The latest update in the ongoing City Hall saga stemming from a federal corruption investigation is that the City Attorney's own investigation has just issued 14 new subpoenas pertaining to the much delayed 555 Fulton project in Hayes Valley — which already has figured into the federal complaint against former Department of Public Works Director Mohammed Nuru.
The City Attorney's Office has issued 6 subpoenas to companies linked to Chinese developer Zhang Li, whom federal investigators and subsequent reporting have identified as allegedly having gifted a trip to China to Nuru in exchange for help getting approvals for the Fulton Street development. As Socketsite reports, one subpoena was also issued to well known permit expediter and contractor Walter Wong, and four more were issued to companies with ties to Wong. Another two subpoenas went out to investment firms tied to 555 Fulton, and one was issued to an engineering firm that worked on the project.

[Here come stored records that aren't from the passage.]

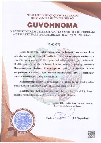 | 1832 | №008275 | O‘quv uslubiy qo‘llanma – "Мikrооrgаnizmlаr ekоlоgiyasi. Тuprоq, suv, hаvо mikrоflоrаsi, ulаrni o‘rgаnish usullаri" | Mamatmusayeva Fotima Shaydullayevna (25%), Yodgorova Nodira Turgunbayevna (25%), Aliyev Shovkat Ruzimatovich (25%), Shamuratov Abror Shonazarovich (25%) | Mamatmusayeva Fotima Shaydullayevna, Yodgorova Nodira Turgunbayevna, Aliyev Shovkat Ruzimatovich, Shamuratov Abror Shonazarovich | 12/20/2024 | ![]() |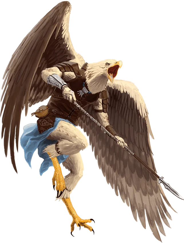 A winged people who originated on the Elemental Plane of Air, aarakocra soar through the sky wherever they wander. The first aarakocra served the Wind Dukes of Aaqa—mighty beings of air—and were imbued with a measure of their masters’ power over winds. Their descendants still command echoes of that power.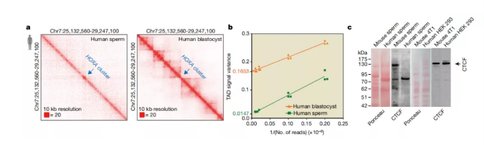 CTCF-cohesin復(fù)合物在高級(jí)染色質(zhì)結(jié)構(gòu)中具有重要作用。本研究調(diào)查了人類和小鼠精子中CTCF和粘著蛋白的水平。RAD21是黏附蛋白復(fù)合物的一個(gè)亞基,存在于人類和小鼠的精子中);但是,在人類精子中未檢測(cè)到CTCF,并且在使用短干擾RNA(siRNA)耗盡CTCF的細(xì)胞系中表達(dá)很弱,但是在小鼠精子,人類和對(duì)照小鼠細(xì)胞系中檢測(cè)到了CTCF(圖2c)。由于CTCF的消耗會(huì)導(dǎo)致TAD結(jié)構(gòu)的破壞,因此CTCF的缺乏可能是人類精子中TAD結(jié)構(gòu)喪失的基礎(chǔ)。

City Attorney Dennis Herrera says the subpoenas seek "a range of records, including documents that could show things or services of value being provided to a city employee or official, or to a city employee or official’s family member." Herrera added, "Make no mistake, we’re following the evidence wherever it leads."
Per the Business Times, these latest subpoenas seek email communications and other materials that pertain to the mixed-use project — which many in the neighborhood were eagerly anticipating opening because Trader Joe's is set to move into the ground floor.

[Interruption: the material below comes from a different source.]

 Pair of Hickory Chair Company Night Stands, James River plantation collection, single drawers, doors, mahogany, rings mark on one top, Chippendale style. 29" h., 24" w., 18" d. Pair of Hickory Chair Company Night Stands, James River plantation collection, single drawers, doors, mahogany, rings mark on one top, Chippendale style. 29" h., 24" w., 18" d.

And the subpoenas follow just a couple of days after Nuru himself reportedly sat down with Herrera to cooperate with the investigation.

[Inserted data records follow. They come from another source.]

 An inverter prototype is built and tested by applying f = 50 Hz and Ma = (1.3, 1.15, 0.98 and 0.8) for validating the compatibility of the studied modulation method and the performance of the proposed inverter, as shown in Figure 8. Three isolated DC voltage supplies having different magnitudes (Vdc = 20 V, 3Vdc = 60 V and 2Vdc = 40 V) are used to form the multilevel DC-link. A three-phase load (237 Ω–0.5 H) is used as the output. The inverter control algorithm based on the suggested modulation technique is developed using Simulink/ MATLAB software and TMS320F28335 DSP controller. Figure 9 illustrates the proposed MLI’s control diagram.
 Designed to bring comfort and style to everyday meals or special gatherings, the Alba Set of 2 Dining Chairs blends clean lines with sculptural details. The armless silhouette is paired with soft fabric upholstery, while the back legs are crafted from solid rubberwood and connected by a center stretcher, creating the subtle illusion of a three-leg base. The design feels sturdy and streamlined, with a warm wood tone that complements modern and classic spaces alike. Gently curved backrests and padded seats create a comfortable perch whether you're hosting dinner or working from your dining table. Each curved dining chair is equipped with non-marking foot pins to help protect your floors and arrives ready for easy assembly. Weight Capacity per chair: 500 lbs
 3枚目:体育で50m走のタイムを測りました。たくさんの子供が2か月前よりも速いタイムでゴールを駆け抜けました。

"We will get to the bottom of this. San Franciscans deserve no less," Herrera said in a statement earlier this week.
Two weeks ago, Herrera's office also subpoena'd eight private and non-profit companies with possible connections to both Nuru and alleged co-conspirator Nick Bovis, the owner of restaurants Lefty O'Douls and Spinnerie. Herrera contended with those subpoenas that these companies may have been "funneling" money to Nuru's department, for holiday parties and the like, through checks to a charity run by Bovis.
Meanwhile, the federal probe remains ongoing, and it's not yet clear if the charges will stop with Nuru and Bovis. As many surmised in recent weeks, a second charge against Nuru of lying to investigators appears to stem from his not fulfilling some sort of cooperation deal, and possibly informing higher-ups at City Hall about the investigation.